Why NOT Singapore Corporate Bonds ?

Because if you had bought the into inaugural 30Y SGS issue at its auction in March this year, you would be sitting on an 8% return (10% if you had sold 2 weeks ago) for only 5 months ! Last done price on  SGX was 107.925 on 7 Sep 2012.

NA12100N 420401 10 PH1S 107.925

Correct me if I am wrong, but I believe this is a higher return than 95-99.99% of the corporate papers issued this year, including the star China Central Properties. Link to 2012 SGD Corporate Bonds Hall of Fame.

Here are the latest prices I could salvage. (Qualifier : Accuracy of data is based on last bid price I took off Bloomberg – No guarantees what the banker quotes for retail etc).

Now, who is holding their nose up to SGS ?

For the faithful readers, here is the catch you have been living with.

UOB Asset Management Ltd.’s Singapore dollar debt fund is beating most peers by buying perpetual bonds and investing 70 percent of its money overseas as rates on bank deposits and sovereign yields approach zero….The picks helped the plan return 5.1 percent this year through Aug. 29, topping 78 percent of rivals …

5.1%  for all that slogging, slaving and stressing away.. and not to mention RISK of buying all those Perps ?  VS  A no brainer investment in Singapore Govies which gives a better return ?

So why the hard chase ? Because you know bankers get hard rebates for each corporate issue they sell. If I am not mistaken, I heard the latest shipping perp was about 50 cts (that is just about SGD 5K per million).

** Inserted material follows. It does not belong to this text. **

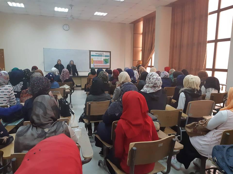 برعاية السيدة رئيسة قسم الكيمياء الاستاذ المساعد الدكتورة فرحة خلف عمر، التقت الاستاذ المساعد الدكتورة نجلة هشام مسؤولة الارشاد و الدكتورة رنا تحسين بطالبات المرحلة الاولى قسم الكيمياء في محاضرة ارشادية نظرا للعدد الكبير المقبول في الكلية، تناولت امور ارشادية تخص الالتزام بالدوام وكذلك ارشادات تخص الزي المحتشم.
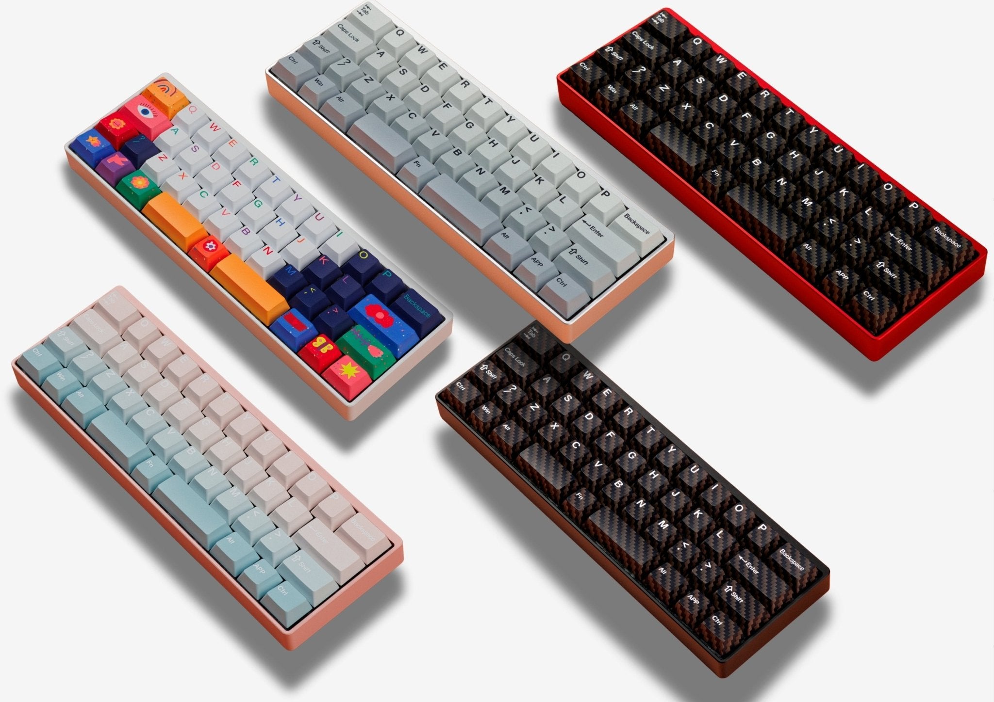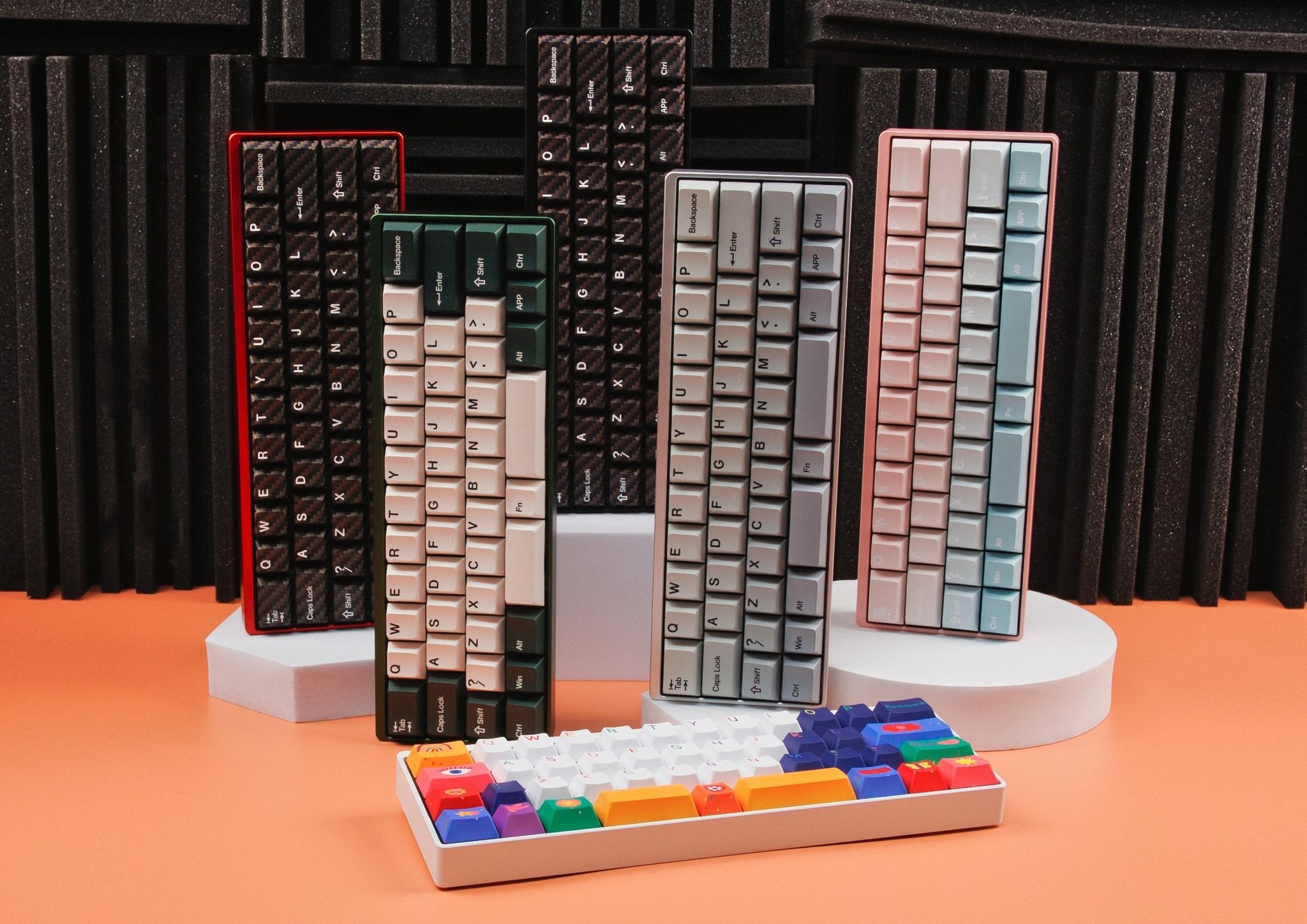 The keyboard uses a CNCâmilled aluminum case that is not only sturdy but also visually appealing. Depending on the color variant, the surface is either anodized or electrophoretically coated. You can choose from six colors: black, silver, red, white, pink, and military green.

And it does not matter if you buy or sell. The minimum spread they will take is 20 cts off the bid-offer price, only reserved for family and friends.

Words of Advice

  1. Bankers sell you the idea of the YIELD and how great it is but remember there is also the PRICE component too
  2.  Selling the 30Y SGS now would net you the 8% return (16% roughly if annualised) but if you hold on to it, you will only be getting 2.75% in coupon for the next 30 years ! and your 100 bucks back.
  3. The Singapore government is rated AAA which is a lessor credit risk.
  4. There are little avenues for retail buyers to hedge senior bond credit risk and much less avenues to hedge PERPETUAL BOND RISK… this is just in the market dries up a little and widens out to impossible spreads. For example, if Genting Perp were to quote 70 cts – 90 cts instead of the current 1.024-1.026.
  5. This is not a gold rush. Debt is not going anywhere and we are closer to hell in yields than heaven. (another 1.3% before Singapore 10Y bonds go to zero %)

Dow Jones reported that WSJ reported that Singapore Emerges As Corporate Bond Hot Spot just a few hours ago.

Is it Suckerpore ? That shipping companies can convince the public that they have much more assets after deducting the lien-ed ones and the senior debt ? Photocopy machines maybe ?

I take this opportunity to beseech anybody from MAS who is reading this to posthaste, and start a study on retail recourse and hedge avenues, and keep an eye on excessive retail therapy.

And for goodness sake, if the market is growing so quickly, getting SGD corporates into global Credit Default Swap agreements is not a bad idea, is it ?

Just my opinion, of course… till the next Nameste bond coming this week…..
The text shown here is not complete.